The golden triangle: focus on costs as recession looms

The three underpinning principles of business — known as the Golden Triangle: marketing & sales, cash control and staffing — should always be at the forefront of a business owner’s mind. But when times are good, complacency sets in. As a recession looms, I urge you to review all three, and this article focuses on the most immediately controllable: costs.

The secured work and work in progress is the only income you can be sure of. Assuming cash collection is occurring when it should and you are achieving the maximum profit the market will bear, it is wise to immediately review your costs for the next week, month and quarter and identify when cash will start to be consumed.

Act Decisively and Quickly

Going into a recession, the fatal mistake business owners make is not taking decisive action quickly enough. They put off making the difficult decision to cut costs, which eats into cash reserves and invariably means that cuts later must be deeper and more disruptive.

Line-by-Line Cost Review

The first thing to do is a line-by-line analysis of invoices. Interrogate each one and see what can be not ordered again, reduced in future, or changed for a cheaper alternative. All sorts will be highlighted, from office consumables to express deliveries caused by disorganisation. Cut the waste and put processes in place to avoid them creeping back in. Resist the temptation to cut marketing and training — these are fundamental to the smooth running of the business and cutting them will be detrimental to incoming work and efficiency.

Restructuring Staff Costs

Reducing staff costs is more difficult, especially in small close-knit businesses. The instinct is often to keep versatile people who can cover several roles, even though they may be more highly paid. But versatility comes at the cost of productivity and motivation. The better option is to consider the projected income, design an ideal organisation structure for that level of work, and then appoint the best people to those roles. Some will be retained, some retrained, some recruited, and some released. The net effect should be the saving required to accommodate the projected reduction in income.

The cut in staff is best done once, so everyone can regroup and move on.
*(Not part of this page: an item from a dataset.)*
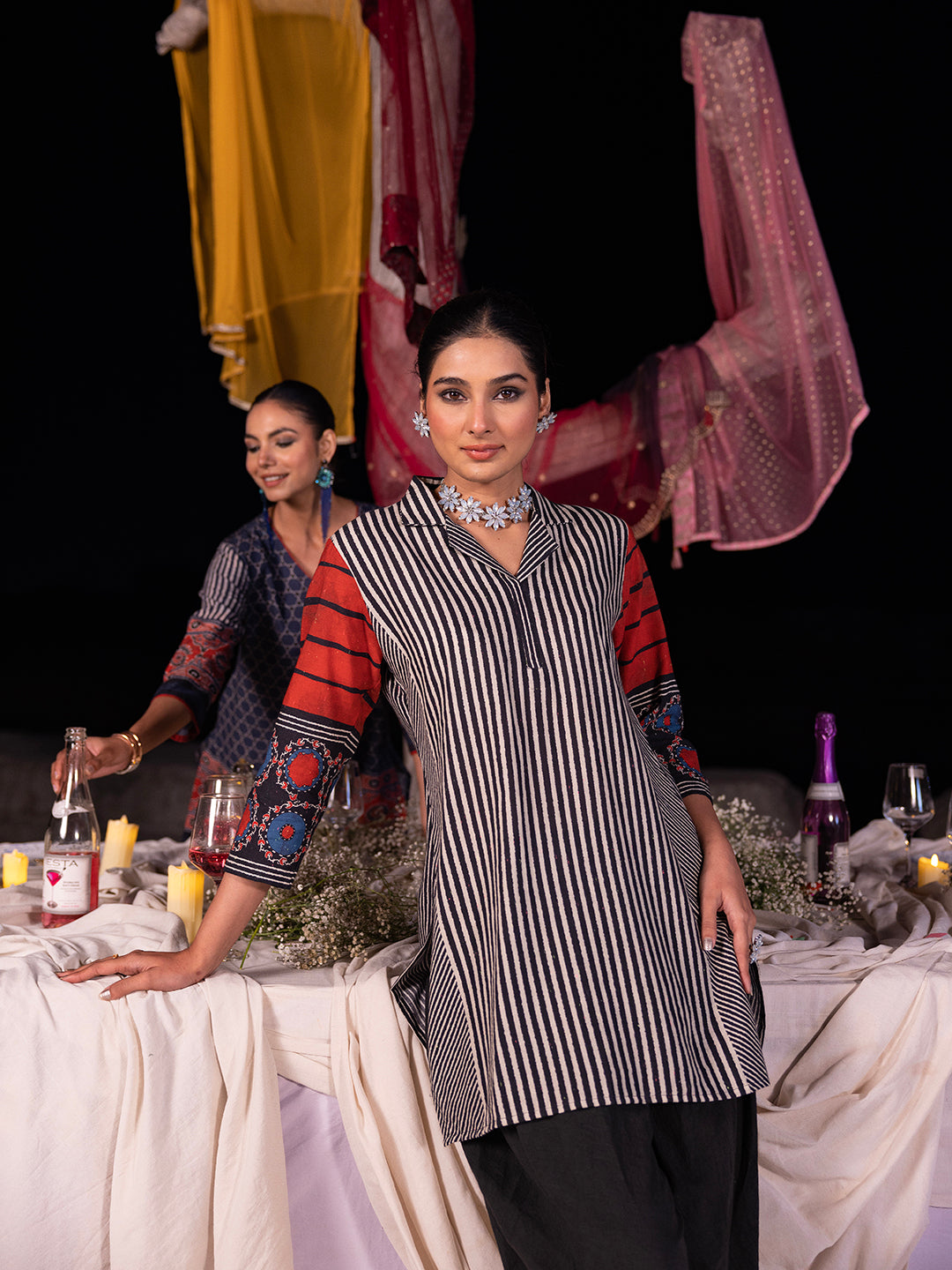 Keep it cool and classic with the Span Black Collared Cotton Casual Short Kurta. Designed in breathable cotton with a smart collar and easy fit, it's the perfect pick for effortless everyday style.

Doing multiple cuts is like a death by a thousand cuts, and merely unsettles those who remain.

Fixed Costs and Premises

Finally, look at the costs which take a long time to change. The fixed cost of premises can be a burden as income reduces. Look at any break clauses and ensure that you do not miss giving notice at the right time if you need to scale back.

Everyone believes they are efficient, but with a looming recession, no stone should be left unturned when examining costs — otherwise reserves will be eaten into and the profit available to invest will be reduced.